Note: An alias for test_predictions() is hypothesis_test(). You can use either of these two function names.

Summary of most important points:

Contrasts and pairwise comparisons can be used to test if differences of predictions at different values of the focal terms are statistically significant or not. This is useful if "group differences" are of interest.
test_predictions() calculates contrasts and comparisons for the results returned by predict_response() .
It is possible to calculate simple contrasts, pairwise comparisons, or interaction contrasts (difference-in-differences). Use the test argument to control which kind of contrast or comparison should be made.
If one or more focal terms are continuous predictors, contrasts and comparisons can be calculated for the slope, or the linear trend of those predictors.

Within `episode`, do levels differ?

We start with a toy example, where we have a linear model with two categorical predictors. No interaction is involved for now.

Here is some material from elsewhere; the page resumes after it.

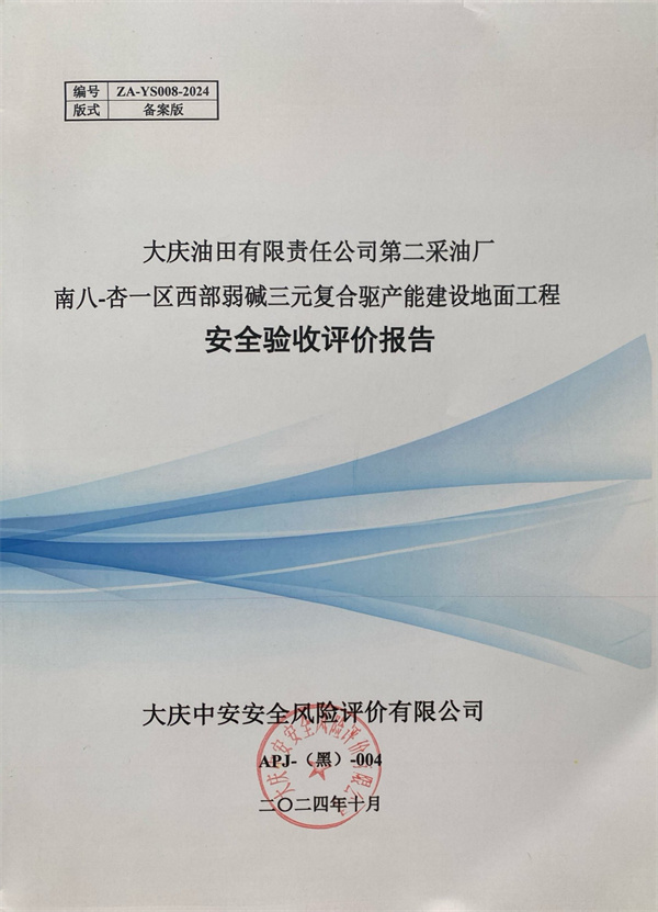 大慶油田有限責任公司第二采油廠南八-杏一區西部弱堿三元復合驅產能建設地面工程主要評價范圍包括:
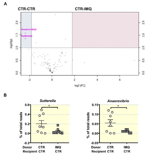 Next, tested the microbial composition 2 weeks post-transplant. Microbiota from donor CTR and IMQ mice changes after FMT in recipient mice (Figure S9A), but with minor changes depending if recipient mice were CTR or IMQ mice. At the end of FMT donor microbiota from control mice showed increased bacteria belonging to Bacterioidetes (75.18 ± 3.43% vs. 55.06 ± 8.55%, p < 0.05) and reduced Actinobacteria (0.09 ± 0.01% vs. 0.15 ± 0.03%, p < 0.05) in recipient IMQ mice in comparison with recipient CTR mice, respectively. Similarly, donor microbiota from IMQ mice showed only reduced bacteria belonging to Tenericutes (0.08 ± 0.02% vs. 0.25 ± 0.04%, p < 0.01) in recipient IMQ mice as compared to recipient CTR mice. We found no significant changes in phyla composition between CTR-CTR and CTR-IMQ groups (Figure S9B). Volcano plot showed genera clustering in CTR-CTR mice as compared to CTR-IMQ group (Figure 7A). There was more than 3.5-fold reduction in the genera Sutterella and Anaerovibrio (potentially protective bacteria) in mice receiving IMQ microbiota in comparison with CTR-CTR mice (Figure 7B). By contrast, FMT of donor control faeces to IMQ-treated mice induced changes in the microbiota composition as compared to the transplantation with IMQ microbiota. The LDA score suggests that the relative abundance of 4 taxa (green) was decreased and 15 taxa (red) was increased in IMQ-CTR group when compared with IMQ-IMQ mice (Figure S10). The most altered genera abundances of the volcano plot showed increased proportion of Sutterella, Anaerovibrio, Heliorestis, Sharpea, Anaerobranca, and Halanaerobium, and reduced abundance of Pseudovutyrivibrio, Moryella, and Streptococcus in IMQ-treated mice transplanted with microbiota from control mice, as compared to IMQ-IMQ group (Figure S11A,B).

We display a simple table of regression coefficients, created with model_parameters() from the parameters package.

library(ggeffects)
library(parameters)
library(ggplot2)

set.seed(123)
n <- 200
d <- data.frame(
  outcome = rnorm(n),
  grp = as.factor(sample(c("treatment", "control"), n, TRUE)),
  episode = as.factor(sample(1:3, n, TRUE)),
  sex = as.factor(sample(c("female", "male"), n, TRUE, prob = c(0.4, 0.6)))
)
model1 <- lm(outcome ~ grp + episode, data = d)
model_parameters(model1)
#> Parameter       | Coefficient |   SE |        95% CI | t(196) |     p
#> ---------------------------------------------------------------------
#> (Intercept)     |       -0.08 | 0.13 | [-0.33, 0.18] |  -0.60 | 0.552
#> grp [treatment] |       -0.17 | 0.13 | [-0.44, 0.09] |  -1.30 | 0.197
#> episode [2]     |        0.36 | 0.16 | [ 0.03, 0.68] |   2.18 | 0.031
#> episode [3]     |        0.10 | 0.16 | [-0.22, 0.42] |   0.62 | 0.538

Predictions

Let us look at the adjusted predictions.

my_predictions <- predict_response(model1, "episode")
my_predictions
#> # Predicted values of outcome
#> 
#> episode | Predicted |      95% CI
#> ---------------------------------
#> 1       |     -0.08 | -0.33, 0.18
#> 2       |      0.28 |  0.02, 0.54
#> 3       |      0.02 | -0.24, 0.28
#> 
#> Adjusted for:
#> * grp = control

plot(my_predictions)

We now see that, for instance, the predicted outcome when espisode = 2 is 0.28.

Pairwise comparisons

We could now ask whether the predicted outcome for episode = 1 is significantly different from the predicted outcome at episode = 2.

To do this, we use the test_predictions() function. This function, like predict_response(), either accepts the model object as first argument, followed by the focal predictors of interest, i.e. the variables of the model for which contrasts or pairwise comparisons should be calculated; or you can pass the results from predict_response() directly into test_predictions(). This is useful if you want to avoid specifying the same arguments again.

By default, when all focal terms are categorical, a pairwise comparison is performed. You can specify other hypothesis tests as well, using the test argument (which defaults to "pairwise", see ?test_predictions). For now, we go on with the simpler example of contrasts or pairwise comparisons.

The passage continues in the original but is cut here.